Final answer:
The initial velocity of the 2kg bowling ball was 6.15m/s directed towards the wall before collision.
Step-by-step explanation:
To determine the initial velocity of a 2kg bowling ball that exerts a 10N force on a wall and moves at -6m/s after collision, we can use the impulse-momentum theorem. The impulse exerted on an object is equal to the change in momentum of the object, with impulse being the product of the force and the time of contact (impulse=force×time) and momentum being the product of mass and velocity (momentum = mass× velocity).
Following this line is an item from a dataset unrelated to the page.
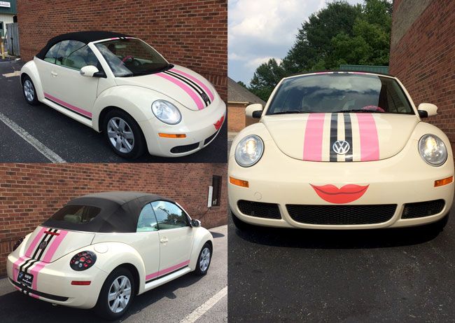 This stock white VW Beetle has been customized to express the customers personality.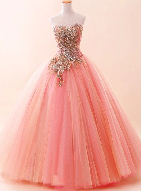 Luxury Quinceanera Dresses Ball Gown Strapless Pink Tulle Quince Gowns Vestidos De 15 Anos Formal Long Sweet 16 Dress HZ0311

The final velocity (Vf) is given as -6m/s. Since the ball is coming back after the collision, the velocity is in the opposite direction of the initial velocity. The time of collision is given as 0.03s.
First, we calculate the impulse: Impulse = 10N × 0.03s = 0.3 N×s
Then, we calculate the change in momentum:
Change in momentum = mass × change in velocity = mass × (Vf - Vi)
Since Impulse = Change in momentum, 0.3 N×s = 2kg × (-6m/s - Vi)
Solving for Vi we get: Vi = -6m/s - (0.3 N×s / 2kg) = -6m/s - 0.15m/s = -6.15m/s
The negative sign indicates that the initial velocity was in the opposite direction to the final velocity after the collision, which means that the ball was traveling towards the wall at 6.15m/s before hitting the wall.